A great advice one gets at around minute 9 is to place footprints for anything you consider remotely possible or that you'd like to test. You can always leave them unpopulated and the tradeoff between area lost and time lost is usually worth the area, especially in the first iterations of a pcb.
So much in there: so much hand-soldering of SMD, the way he made an SMD resistor bridge to bodge his MOSI/MISO mixup, using the Bambu 3D printer as a test harness (with pogo-pin attachment) to test his "blades"…
(I thought he was going to end up with R2-D2; the way the design was going…)
This is great. It somewhat reminded me of Steve Ciarcia's build of a Mandelbrot-generating supercomputer from around 1990. That was also made from microcontrollers (Intel 8052 in that case).
Do you have a link? As far as I can tell you're referring to a BYTE magazine article, but I can only find vague references to it, not anything specific enough that would allow me to locate it.
0 FLOPS those MCUs only support IMBC instructions. No hardware floating point, at least it has integer multiplication/division. My estimate is maybe 1-8Gflop total using software float. If you avoid float and design around fixed point, might do some interesting stuff.
IIRC, the Connection Machine CM-1 also was not designed for floating point ops, but Richard Feynman convinced Danny Hillis that it could compete with supercomputers in the scientific market.
One could argue that it is 100% as every Watt that enters through the socket (not counting reactive energy) is going to become heat at some point in the very near future, including the air moved by fans, the photons emitted by the screen, etc etc.
Not really? The best heaters are heat pumps which can under typical operation reach 300-500% efficiency (COP). Technically they aren't converting the electricity into heat, but for arguments sake here about heaters we only care about electricity consumed to heat generated.
I think it's fair to separate it from the direct heat generation because if you look at second order effects like that, pretty much all of the energy ends up being radiated away as infrared in space.
Every computer is just space heater with side effect of computations.
The same way every diesel engine is just oil stove with side effect of rotary motion. If the engine was in the back of the car you could totally put a pot on it and braise something.
A diesel engine is a very inefficient stove though, as only half (more or less, depending on the exact engine) of the energy is converted to heat, the leftover being mechanical energy.
The Volkswagen 1.6D is probably the most reliable engine ever made. Only two failure modes - overheat or shitty fuel for the span of decades to break the fuel pump.

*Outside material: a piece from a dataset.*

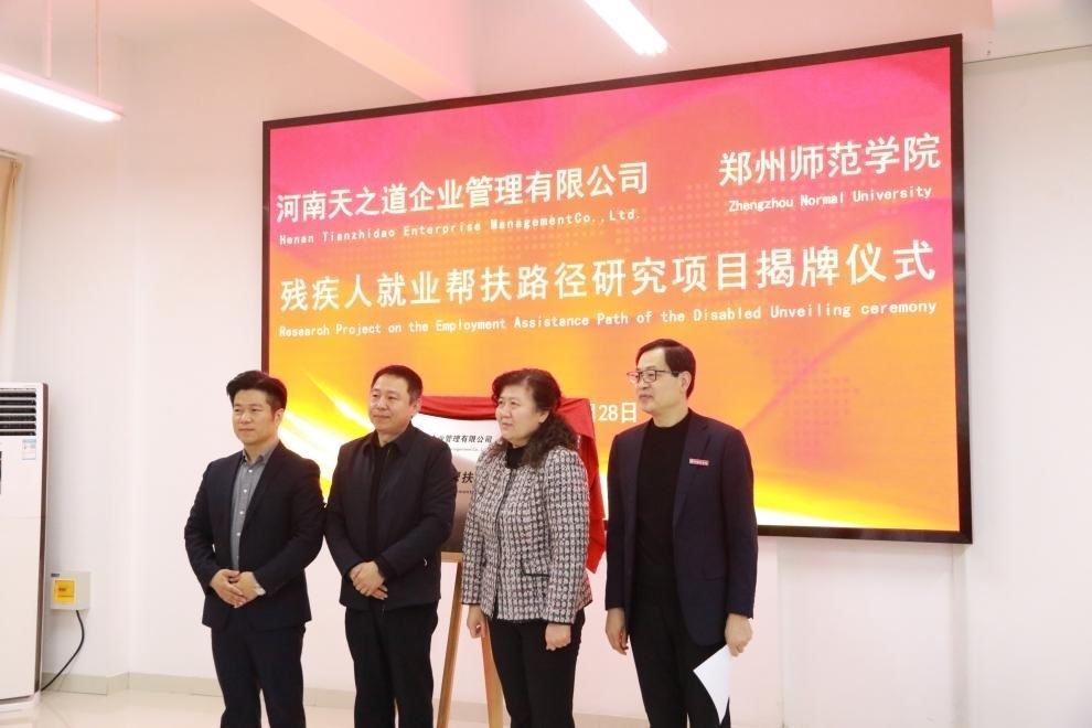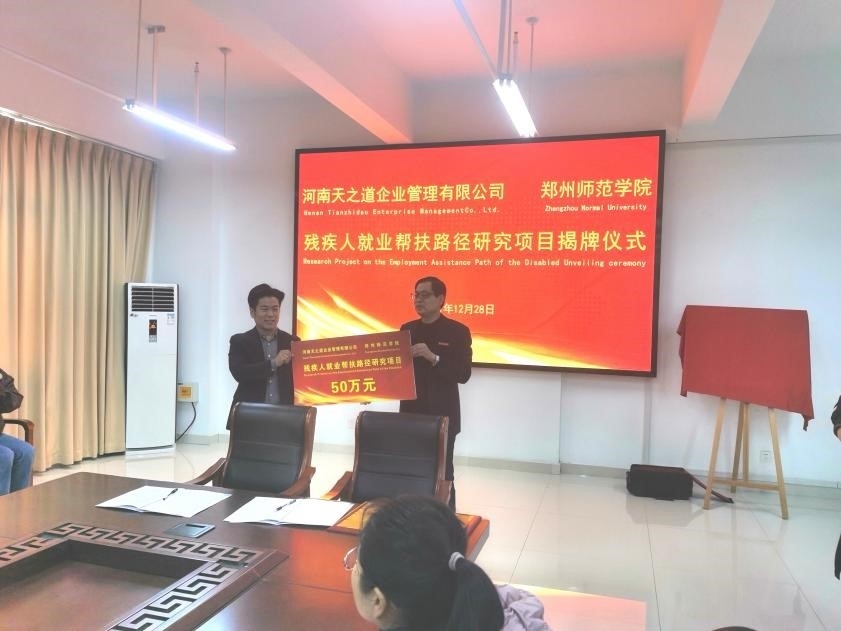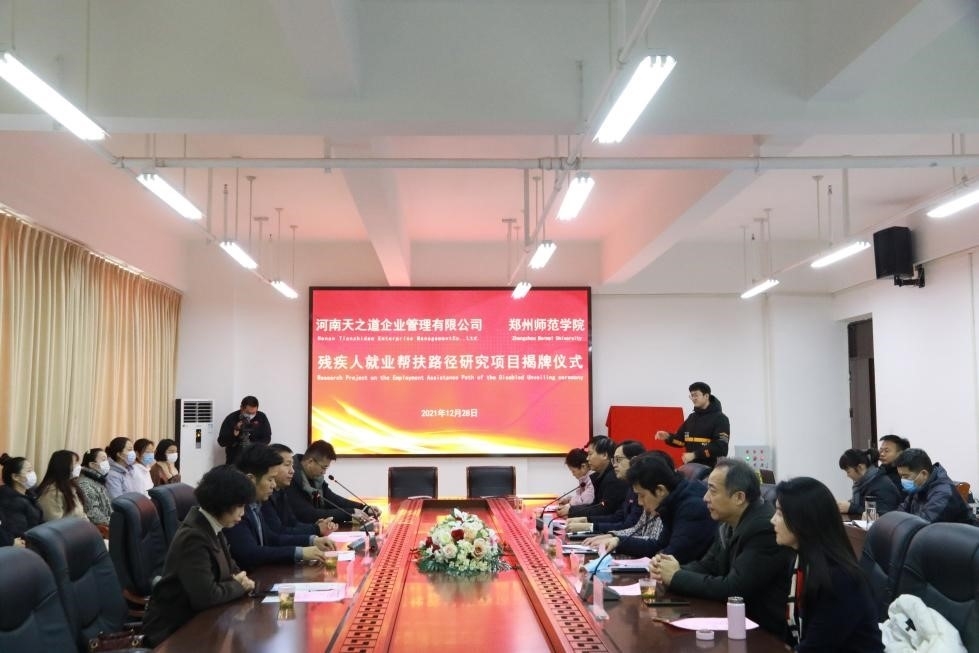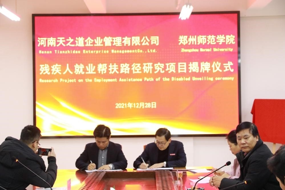 2021年12月28日上午9:00,我校与河南省天之道管理有限公司在尚志楼708举行残疾人就业帮扶路径研究项目暨天之道励志奖学金揭牌签约仪式。我校副校长蒋丽珠,省残联就业中心副主任吕建峰,科研处副处长晋争,教育科学学院院长陈国维及特殊教育学院全体领导班子参加了此次仪式。特殊教育学院院长高宏主持了此次仪式。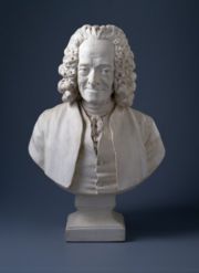 The last twenty years of Voltaire's life were spent in partial exile at his estate at Ferney, near the Swiss border. In February 1778 he came back to Paris where he sat for Houdon, who took a life mask. Houdon made an array of variations, which were immediately popular, including a seated version and a bust. Art historian H. H. Arnason called the bust of Voltaire "one of the most famous if not the most famous portrait sculpture in history."[3] While in Paris, Jefferson saw it in the lobby of the Théâtre Français, now Odéon.[4]

I’m curious about what you’re thinking of, but for both electric heaters and computers, essentially 100% of the input energy is converted to heat one way or another.
What you may be thinking of is efficiency when the output is intended to be something other than heat. In those cases, efficiency is lost because a significant proportion of the input energy is converted to heat.
But if heat output is what you’re interested in, I’m happy to report that 100% is a perfectly achievable, in fact hard to avoid, number!
Computers need more blinking lights.